How to complete this task:
Without including any pictures, retype exactly the lines from the top of the records through the line containing "Jasper, TX- Jasper", that final line included.

Records for processing:
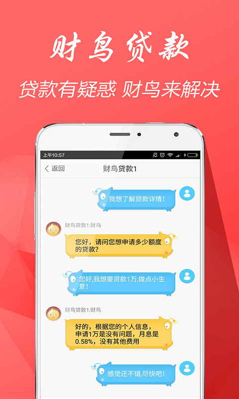 【完美体验】每个人都有缺钱的时候,无论是房贷、车贷、信用贷,财鸟立刻解决你的资金需求。
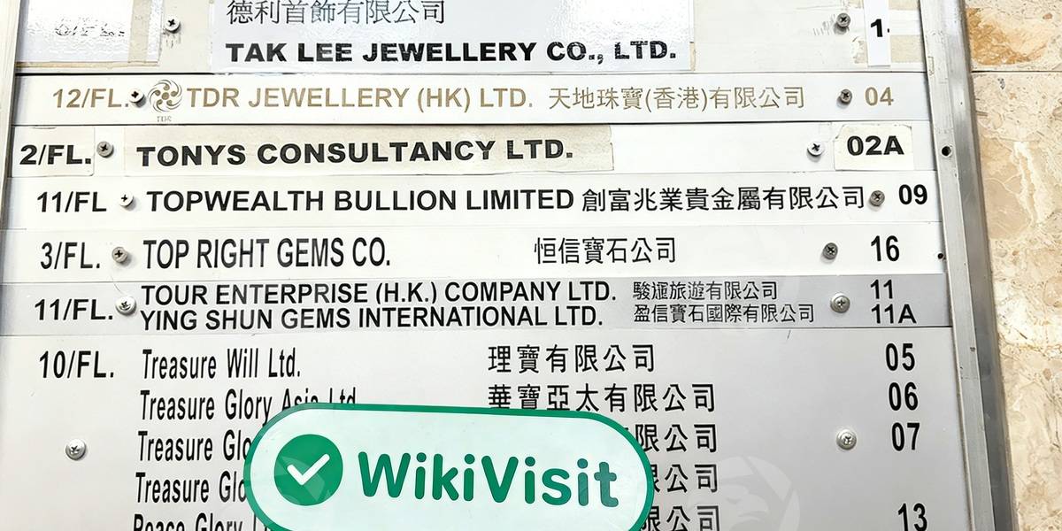 Ao chegar, os investigadores entraram primeiro no saguão do térreo, onde um diretório eletrônico indicava claramente que a Suite 1109 estava registrada sob "TOPWEALTH BULLION LIMITED". Ao subir no elevador para o 11º andar, a equipe constatou que o diretório público neste nível também exibia o nome da empresa na Unidade 1109, correspondendo ao endereço registrado e confirmando inicialmente sua legitimidade.
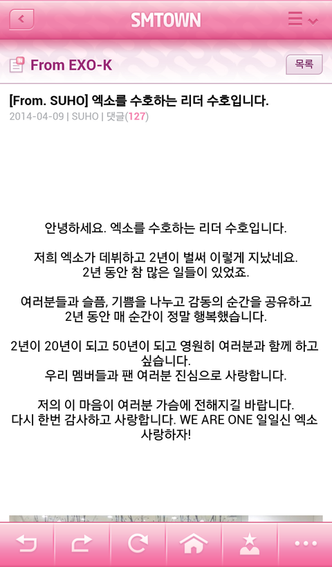 "2013년 11월 22일 한국 시간으로 11시 43분 34초, 지금 이 순간을 절대 잊지 않는 엑소가 되겠습니다. 엑소 사랑하자."
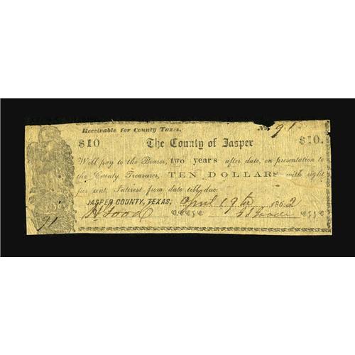 Jasper, TX- Jasper County $10 April 19, 1862 Medlar 4An
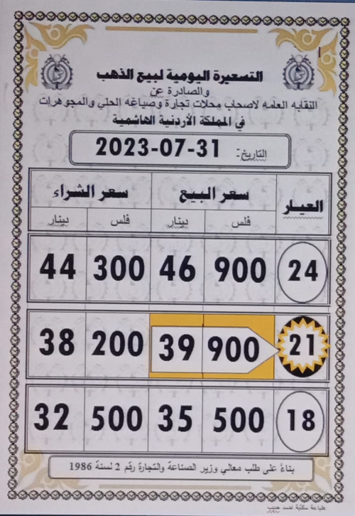 وبلغ سعر غرام الذهب عيار 21 الأكثر طلبا من قبل الأردنيين، 39.9 دينارا للبيع للمواطنين، مقابل 38.2 للشراء من المواطنين.
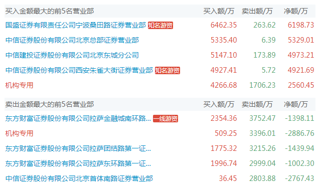 龙虎榜数据显示,近一个月,该股13次上榜。其中,东方财富证券拉萨金融城南环路证券营业部、东方财富证券拉萨团结路第一证券营业部、中信证券北京总部、国盛证券宁波桑田路证券营业部等多家顶级游资悉数现身。
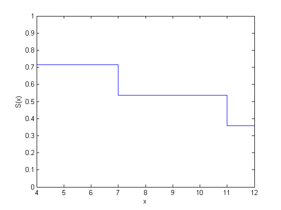 Вот как можно ввести данные и вычислить эти показатели с помощью ecdf. Данные необязательно должны быть в порядке возрастания. Предположим, что время отказа хранится в массиве y.
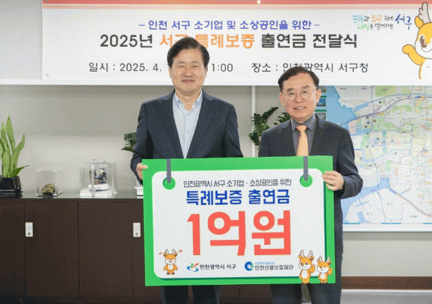 [NWS¹æ¼Û=Çѽ¸ñ ±âÀÚ]ÀÎõ±¤¿ª½Ã ¼­±¸´Â ÀڱݺÎÁ·À¸·Î °æ¿µ¿¡ ¾î·Á¿òÀ» °Þ°í ÀÖ´Â °ü³» ¼Ò±â¾÷°ú ¼Ò»ó°øÀÎÀ» À§ÇØ ÀÎõ½Å¿ëº¸ÁõÀç´Ü(ÀÌ»çÀå Àü¹«¼ö)¿¡ Ư·Êº¸Áõ Ã⿬±Ý 1¾ï ¿øÀ» Àü´ÞÇß´Ù°í 15ÀÏ ¹àÇû´Ù. ¼Ò±â¾÷¡¤¼Ò»ó°øÀΠƯ·Êº¸ÁõÀº¡¦

The answer:
 【完美体验】每个人都有缺钱的时候,无论是房贷、车贷、信用贷,财鸟立刻解决你的资金需求。
 Ao chegar, os investigadores entraram primeiro no saguão do térreo, onde um diretório eletrônico indicava claramente que a Suite 1109 estava registrada sob "TOPWEALTH BULLION LIMITED". Ao subir no elevador para o 11º andar, a equipe constatou que o diretório público neste nível também exibia o nome da empresa na Unidade 1109, correspondendo ao endereço registrado e confirmando inicialmente sua legitimidade.
 "2013년 11월 22일 한국 시간으로 11시 43분 34초, 지금 이 순간을 절대 잊지 않는 엑소가 되겠습니다. 엑소 사랑하자."
 Jasper, TX- Jasper County $10 April 19, 1862 Medlar 4An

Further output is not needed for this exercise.